The collection is interrupted by three poems written for her father, who fell ill in the middle of the project and died a week or so after Swims was published. Aegina imagines picking up “the whole Aegean sea & hellip; [to] lay it at your feet, let it wash through / the ward and swirl under your bed / until you thawed”, while Wallflowers posits a watery connection as: “The day ducks high and low in a solemn / breaststroke, each lift a small christening. / You must feel my heart.”

“I happened to be in Greece when he was taken ill, and was swimming a lot there,” Burnett says. “I’d been thinking through swimming as helping in activism, but it gets a bit more personal in that sequence. It’s more about helping you through other things as well, like mourning.”

Born in a tiny Devon village in 1980, Burnett owes her career in academia to her father’s insistence that she couldn’t just be a writer. “Reading English at university was enough of a risk,” she says. “It was like, ‘Well OK, you’re doing it at Oxford, that’s probably a safe enough bet. There was no sense that I could write full time.” She continued her studies with a PhD at Royal Holloway, where she examined how experimental poetry can operate outside the market. For the next decade she put this mixed strategy into practice, publishing pamphlets of poetry alongside criticism and putting together text-led exhibitions alongside special issues of academic journals.
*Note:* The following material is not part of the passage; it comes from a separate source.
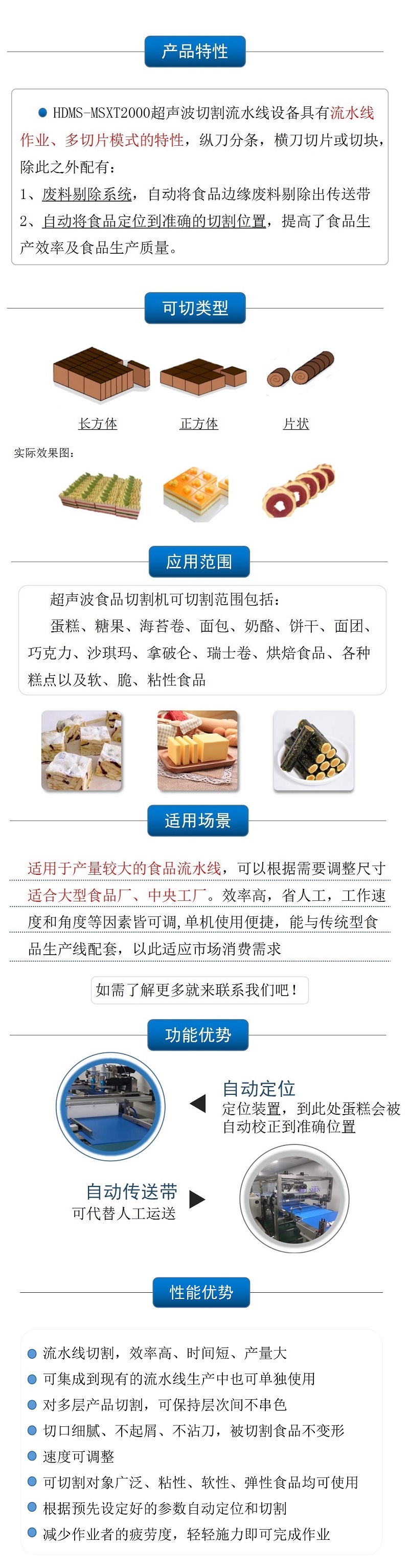 該設(shè)備配備雙把超聲波刀片,既可切方蛋糕,也可同時(shí)切兩個(gè)圓蛋糕,還具有自動(dòng)上水洗刀、安全光柵的人性化功能,效率高,更方便 |

“It is quite strange seeing it as my debut collection – I’ve been writing for over 10 years” she says.

As well as Swims, this autumn sees a book-length version of Burnett’s thesis, A Social Biography of Contemporary Innovative Poetry Communities, from Palgrave Macmillan, and Rivering, a pamphlet of poems from Oystercatcher Press. She’s also writing a memoir about soil and family for Penguin Random House, which was selected as part of the publisher’s Write Now programme. But Burnett insists that her new routes to publication won’t change her writing practice at all. What matters is not the method of distribution, she says, but the intention with which the work is composed. “It may then be incorporated into the capitalist machine, as we all are living in this world. You can’t escape it, but you can choose the way you interact with it.”

“That’s part of the idea of the swims” she continues, “getting away from the idea of poems as commodities and embedding them in your everyday life. I’m going for a swim, I’m not thinking I’m going to sit down at a desk and write a poem that I’m going to sell to readers.”

If poetry has a value over and above what the market assigns, then perhaps the fluid line and deep currents of Swims can help resist environmental catastrophe as Burnett suggests.

“We all do what we can” she says. “This is what I do. I’m a writer.”